= Cathy Carroll =

American singer

Carolyn Stern (born December 26, 1939), better known by her stage name Cathy Carroll, is an American pop singer. She first recorded for the Triodex label in 1961, with members of the Earls and the 4 Evers singing backing vocals. Her single "Jimmy Love" reached #11 on the WLS Chicago survey and was a Top 10 hit in several cities.

She later recorded "Poor Little Puppet" at Warner Brothers, which became her only Billboard Hot 100 entry, peaking at No. 91. She also recorded a cover of Johnnie Ray's "Cry", and cut further recordings in the early 1960s for the Philips, Cheer, Musicor, and Dot labels. Her recordings included an answer version to Brian Hyland's "Ginny Come Lately", and a version of Cliff Richard's UK number one "The Young Ones".

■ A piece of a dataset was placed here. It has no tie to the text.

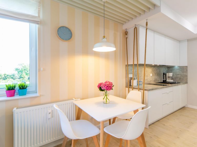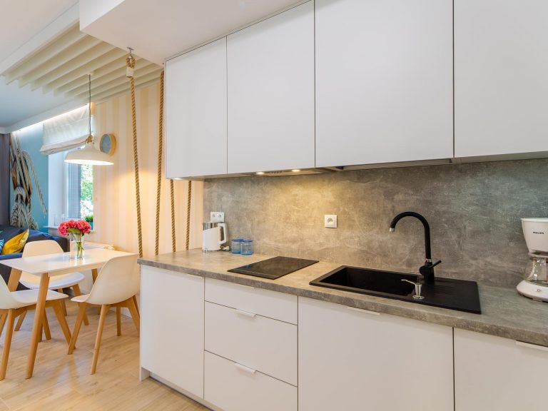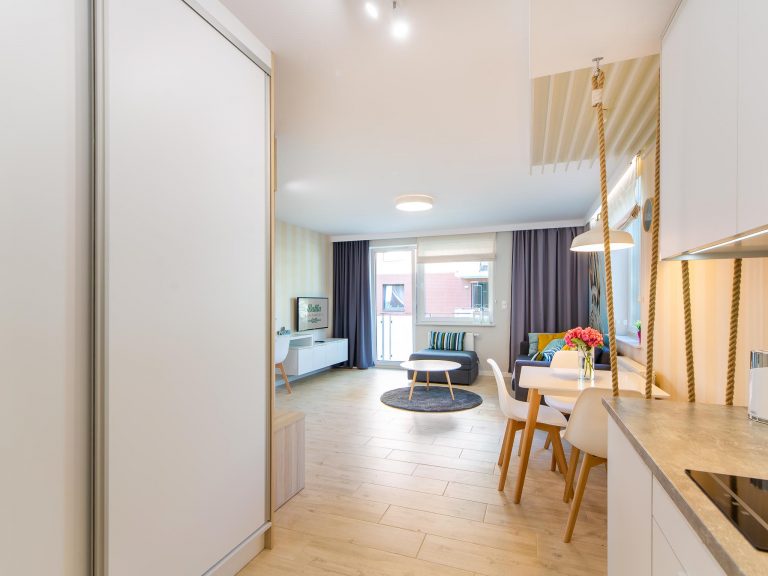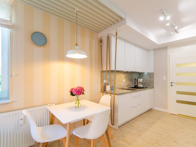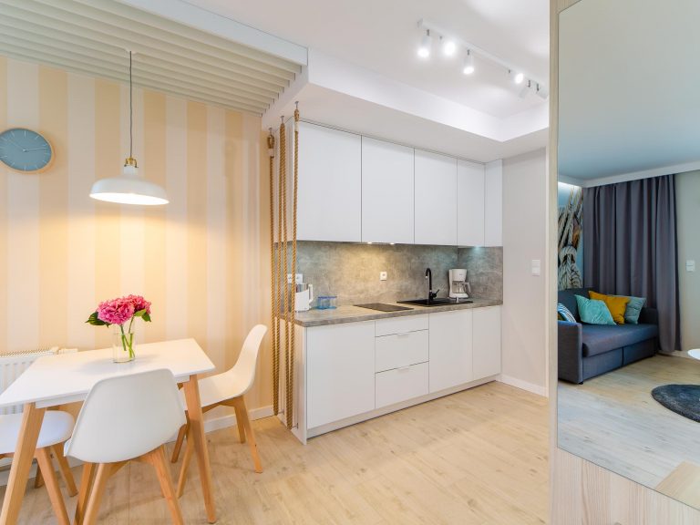 Płyta indukcyjna, chłodziarka z zamrażarką, kuchenka mikrofalowa, zmywarka, komplet zastawy stołowej, czajnik elektryczny, ekspres do kawy, przybory kuchenne, środki czystości, kieliszki do wina.

Carroll was portrayed as the "typical American girl" and went on a sponsored tour of 100 radio stations. In 1967 she married Bob Halley, who wrote and produced the songs for her Dot and Rotate Records releases, as well as inking the orchestrations. She retired from music in the 1970s to raise her two children, a son (Ronald Scott) born in 1968 and a daughter (Jennifer) born in 1976.

In the 2000s, the Cheer label issued a 24-track CD of her complete works.